A fixação, pelo aluno, de conceitos já ministrados em aula também
necessita de uma motivação. Sabemos que no dia-a-dia das escolas,
principalmente nas aulas de matemática, é corriqueira a utilização de longas
e cansativas listas de exercícios do tipo “faça como o modelo”, gerando nos
alunos desânimo e a desistência por participarem desse movimento de
aprendizagem das aulas (ALVES, 2001, p.58).
É preciso mudar o foco da educação tradicional, desmistificando a ação
pedagógica na sua intencionalidade mecânica e abstrata. Assim, não há como se
pensar em ensino e aprendizagem de matemática usando apenas um tipo de
representação.
Partindo dessas premissas, articuladas à necessidade de pensar em
diferentes maneiras de abordar um mesmo conteúdo, a ponto de superar as
defasagens pedagógicas diagnosticadas, na vivência escolar, surge a real
necessidade de estudar e entender os problemas decorrentes do não entendimento
do Sistema de Numeração Decimal (SND). Tal conteúdo é a base de toda
aprendizagem matemática e está estreitamente ligado na dificuldade em usar os
algoritmos e resolver situações-problema relacionadas às operações de adição,
subtração, multiplicação e divisão. Parra (1996) afirma que os professores precisam
se esforçar e ter cuidado com a simples memorização ao ensinar o SND. Neste
momento, é crucial trabalhar para vencer essas dúvidas que vão se tornando ainda
maiores, caso não sejam resolvidas. Desse modo, há a necessidade de planejar
cuidadosamente o conteúdo e usar diferentes recursos para materializar os
conceitos.
Damm (2012, p.167) escreve que “existe uma preocupação muito grande
entre os pesquisadores em Educação Matemática com a aquisição do
conhecimento, com a forma como se processa a aprendizagem”. A autora defende a
ideia de se usar como ferramenta de análise desta problemática que rodeia o
cenário escolar, os Registros de Representação Semiótica, como caminho eficaz
para facilitar a compreensão do conhecimento.
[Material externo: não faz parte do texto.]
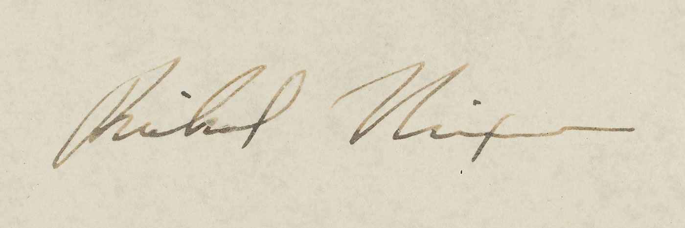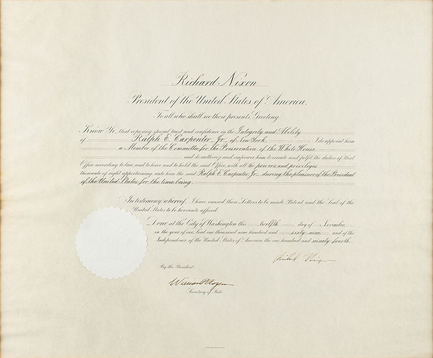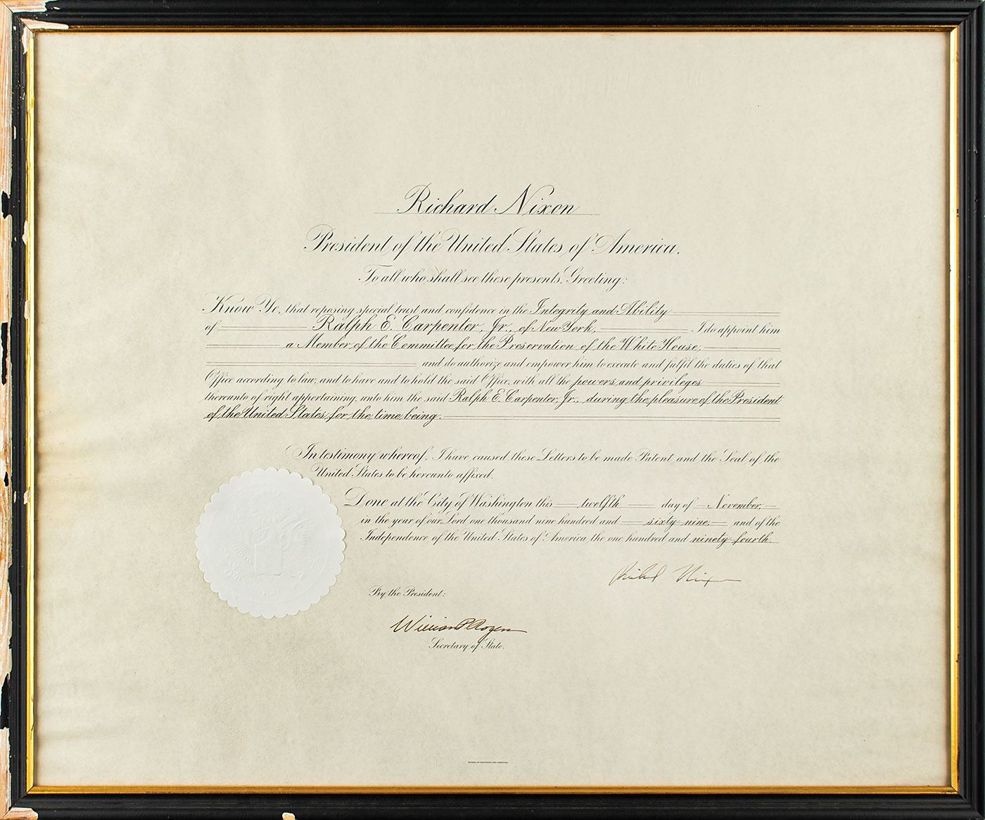 Partly-printed DS, one page, 22.5 x 18.5, November 12, 1969. President Nixon appoints Ralph E. Carpenter, Jr., of New York as "a Member of the Committee for the Preservation of the White House." Boldly signed at the conclusion by President Richard Nixon and countersigned by Secretary of State William P. Rogers. The white paper seal affixed to the lower left remains fully intact. Framed to an overall size of 24 x 20. In fine condition, with light overall rippling; the frame is damaged but could easily be removed or replaced. A noted conservationist and colonial furniture expert, Carpenter oversaw restorations of many historically significant properties in Newport, Rhode Island.

A teoria dos Registros de
Representação Semiótica tem origem na Didática da Matemática da França e é de
autoria do filósofo e psicólogo Raymond Duval. Em todos os seus estudos, ele
enfatiza o funcionamento cognitivo, principalmente na matemática e nos problemas
de aprendizagem específicos da disciplina. O significado de representações
semióticas é dado por Duval:
[...] são produções constituídas pelo emprego de signos pertencentes a um sistema de representação os quais tem suas dificuldades próprias de significado e de funcionamento (DUVAL, 1993, p. 39).
A teoria de Duval tem sido cada vez mais utilizada, pois vai ao encontro de
uma necessidade do cenário educacional escolar que incide na problemática das
dificuldades de aprendizagem. Dentre as diversas representações, está o material
manipulável.
Lorenzato (2009) aponta o material dourado3 como um material didático
adequado para resolver essa dificuldade relacionada ao Sistema de Numeração
Decimal e às Operações Fundamentais. Da mesma forma, Toledo et al. (1997)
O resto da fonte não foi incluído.